Nevertheless, little is known about the fluctuation of the groundwater table during the Holocene, and consequently about the distance between the paleo-surfaces and paleo-groundwater tables in the Atacama Desert. Based on present-day records, it is assumed that this distance would have been variable, from zero close to low relief areas, up to several hundred meters in steep terrain, especially where arid climatic conditions prevail [81]. In addition, fluctuations at depth of the groundwater table would have taken place, which are associated with variations in the surface water discharge regime (neutral to alkaline-acidic) that are common in these types of high reliefs geothermal systems [44,82,83].
The aforementioned deglaciation process could have contributed to the formation of superficial aquifers that were heated by the remaining heat of volcanism in the graben (i.e., the youngest dacite domes erupted <150 ka [84]), giving rise to the formation of the steam-heated blanket.

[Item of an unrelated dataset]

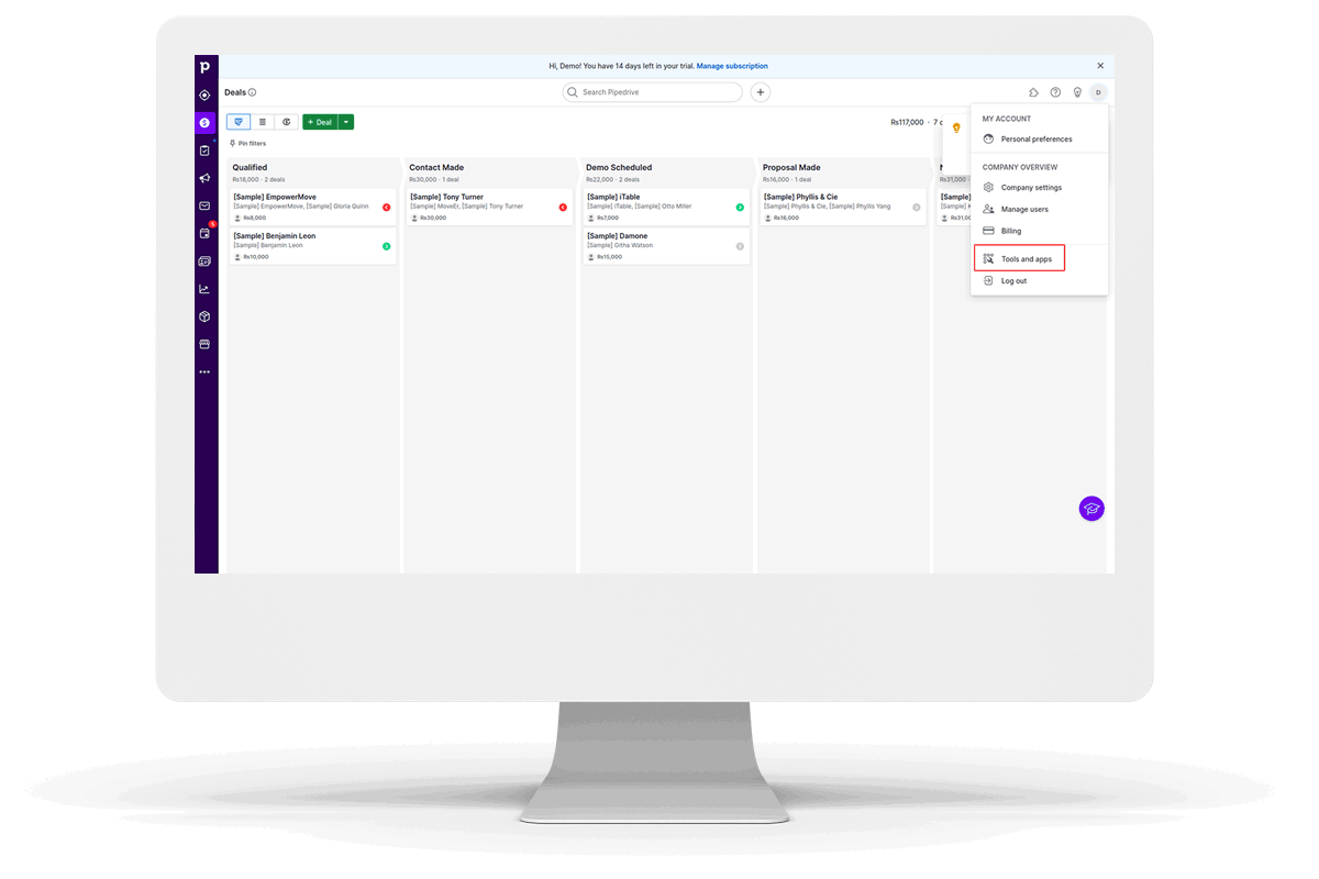 Imports all Products, Contacts and Leads from Pipedrive to

These acidic discharge fluids would have generated the immature silica deposits (opal-A, opal-A/CT) and dissolution/re-precipitation, associated with kaolinite-alunite-anatase, superimposed to the older sinter deposits.

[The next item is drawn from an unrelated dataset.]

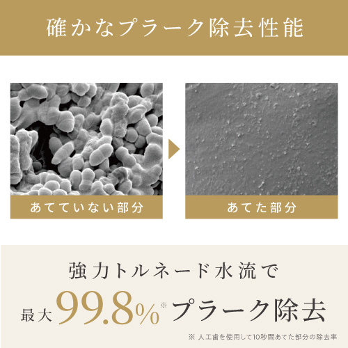 強力トルネード水流で最大99.8%プラーク除去。

The condensed acid vapor fluids from boiling processes generated in the deep geothermal reservoir, besides generating the steam-heated blanket, would have affected previous siliceous sinter deposits. These acid vapors would have been constituted by SO4 and/or H2S, which is inferred from the presence of alunite and gypsum and would have been responsible for accelerating the dissolution-precipitation processes.
Currently, a low rate of superficial fluids, consisting of steam and diffuse CO2 with very little sulfur presence, dominates. This could be partially related with the low recharge rate of the system, mostly associated with the recharge of water produced during the last deglaciation. In addition, the descent in the groundwater table associated with fluctuations in the hydric water system of the region (which is consistent with the high-flow rate of geothermal fluids in the Tatio Geysers at 4200 m. a.s.l. [85] and 45 km far away from Cordón de Inacaliri) should be also considered. Another alternative hypothesis would be a decrease in enthalpy in this sector associated with the greater distance from the last dacite volcanism events located between Pampa Apacheta and the Apacheta-Aguilucho Volcanic Complex (Figure 1), close to the Cerro Pabellón geothermal plant [84,86].

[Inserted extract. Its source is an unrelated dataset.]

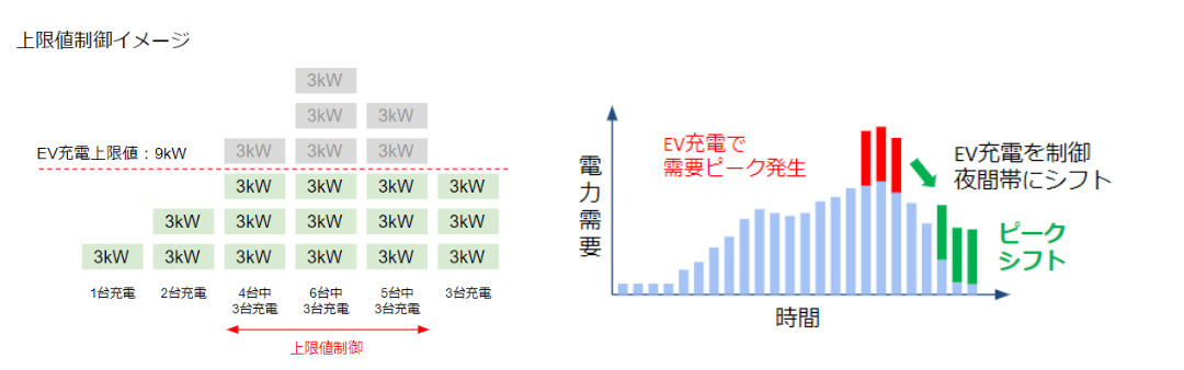 物流業界を中心に業務用車両のEVへの転換が加速していますが、企業が1つの拠点に複数台のEVを配備する場合、充電タイミングが重なることによりピーク電力が増大し、事業者の電気料金の負担増加を招くことが課題となっています。また、夕方の電力需要が高まるタイミングでEVの充電が行われることにより、電力の安定供給に影響を及ぼす可能性も指摘されています。

In summary, the inter-relations between the structural setting of the Pabelloncito graben, the remnant of heat from the youngest dacitic volcanism in the area and the glaciation–deglaciation history in this region may have all contributed to the formation of the geothermal reservoirs in the Pabelloncito graben (i.e., Cerro Pabellón and Cordón Inacaliri areas) and would also be responsible for the hydrothermally altered volcanic rocks on the surface.

6. Conclusions

Six different mineral assemblages were identified in the surficial hydrothermal alteration zone (with distinct five domains) of the Cordón de Inacaliri volcanic complex (CIVC), allowing the definition of an acid-sulfate stage associated with the development of a geothermal system. The assemblages (i) kaolinite + alunite + opal-CT + anatase; (ii) alunite + gypsum; and (v) opal-CT all define an acid-sulfate alteration, whereas (iv) kaolinite + hematite + halloysite + smectite + I/S + illite represents an argillic alteration. The mineral assemblages of the acid-sulfate alteration match well with a steam-heated environment associated laterally with clay phases such as smectites or mixed layer I/S. On the other hand, the mineral assemblages (vi) microcrystalline quartz, together with remnants of microorganisms (Thalassionema nitzschioides (Grunow) Mereschkowsky, Cocconeis Placentula Ehrenberg, Amphora sp. diatoms and remnants of filaments) in microcrystalline quartz deposits, define sinter deposits linked to alkaline-chlorine water hot springs laterally associated with (iii) calcite + aragonite deriving from bicarbonate waters. The analyzed surface data cluster allows us to link the paleosurface products with a still active, recently discovered, geothermal system at depth with an estimated preliminary potential of ~1.08 MWe·km−2 [28].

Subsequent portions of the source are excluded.